◆ **About this task**
Would you return the lines that run from the start of the data below to the line with "HOMCOM Coat Rack, 2-In-1", both included, exactly as written and without pictures?

◆ **Material provided**
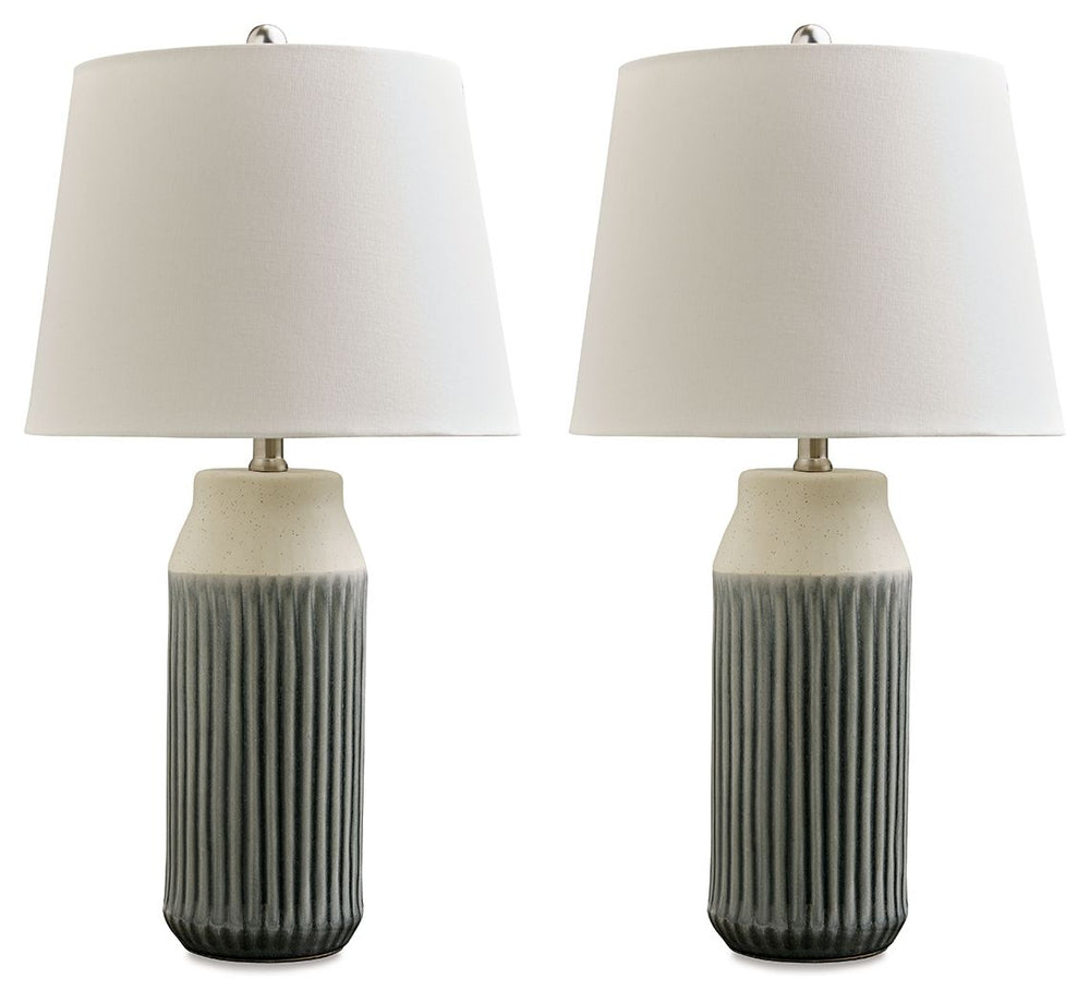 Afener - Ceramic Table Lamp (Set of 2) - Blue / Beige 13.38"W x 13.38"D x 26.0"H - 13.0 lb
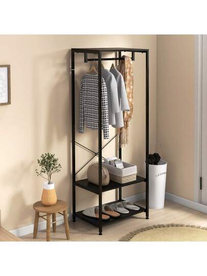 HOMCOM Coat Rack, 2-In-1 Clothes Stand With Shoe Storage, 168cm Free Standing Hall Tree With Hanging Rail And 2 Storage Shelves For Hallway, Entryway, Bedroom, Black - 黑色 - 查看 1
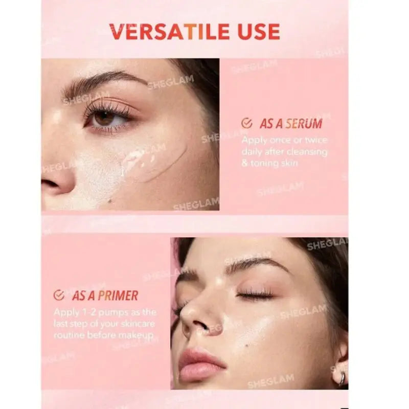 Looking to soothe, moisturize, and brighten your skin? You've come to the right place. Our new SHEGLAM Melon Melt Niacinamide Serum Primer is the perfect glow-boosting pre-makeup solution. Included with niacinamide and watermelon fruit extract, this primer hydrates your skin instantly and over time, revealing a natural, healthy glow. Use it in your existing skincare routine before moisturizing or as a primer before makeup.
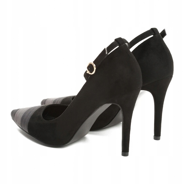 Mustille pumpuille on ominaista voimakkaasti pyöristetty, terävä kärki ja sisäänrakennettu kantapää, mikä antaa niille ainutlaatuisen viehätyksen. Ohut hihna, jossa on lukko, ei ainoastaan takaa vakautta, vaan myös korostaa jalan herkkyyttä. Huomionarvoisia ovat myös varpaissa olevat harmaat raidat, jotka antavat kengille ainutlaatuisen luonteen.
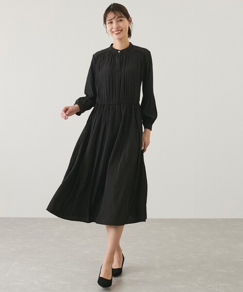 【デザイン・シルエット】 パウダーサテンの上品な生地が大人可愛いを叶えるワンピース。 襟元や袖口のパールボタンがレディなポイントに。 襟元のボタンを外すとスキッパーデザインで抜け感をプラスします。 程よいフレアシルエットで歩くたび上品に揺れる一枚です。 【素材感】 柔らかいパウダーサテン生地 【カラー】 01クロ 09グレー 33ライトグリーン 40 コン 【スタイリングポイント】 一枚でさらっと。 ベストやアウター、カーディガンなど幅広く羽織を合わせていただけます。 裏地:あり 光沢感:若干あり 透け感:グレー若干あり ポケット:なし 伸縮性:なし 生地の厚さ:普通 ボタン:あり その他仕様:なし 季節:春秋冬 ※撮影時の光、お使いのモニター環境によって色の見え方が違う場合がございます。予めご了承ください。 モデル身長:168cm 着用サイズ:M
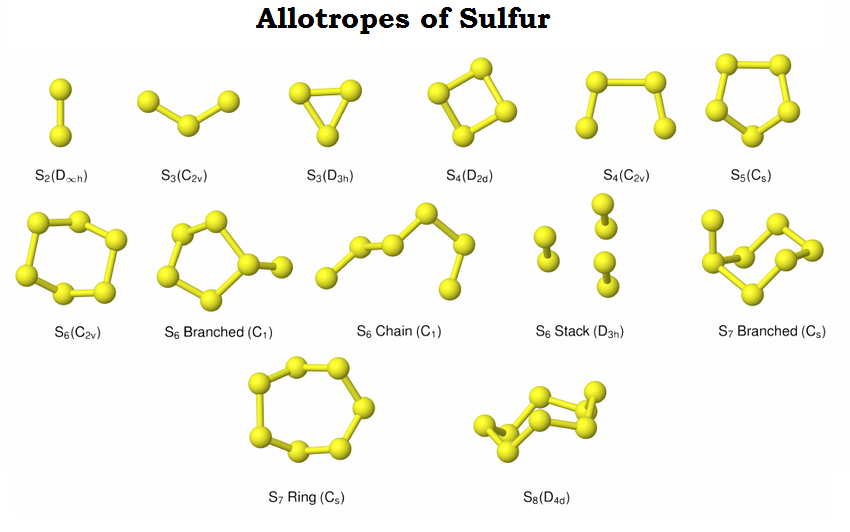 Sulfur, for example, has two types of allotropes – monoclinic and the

◆ **Task result**
 Afener - Ceramic Table Lamp (Set of 2) - Blue / Beige 13.38"W x 13.38"D x 26.0"H - 13.0 lb
 HOMCOM Coat Rack, 2-In-1 Clothes Stand With Shoe Storage, 168cm Free Standing Hall Tree With Hanging Rail And 2 Storage Shelves For Hallway, Entryway, Bedroom, Black - 黑色 - 查看 1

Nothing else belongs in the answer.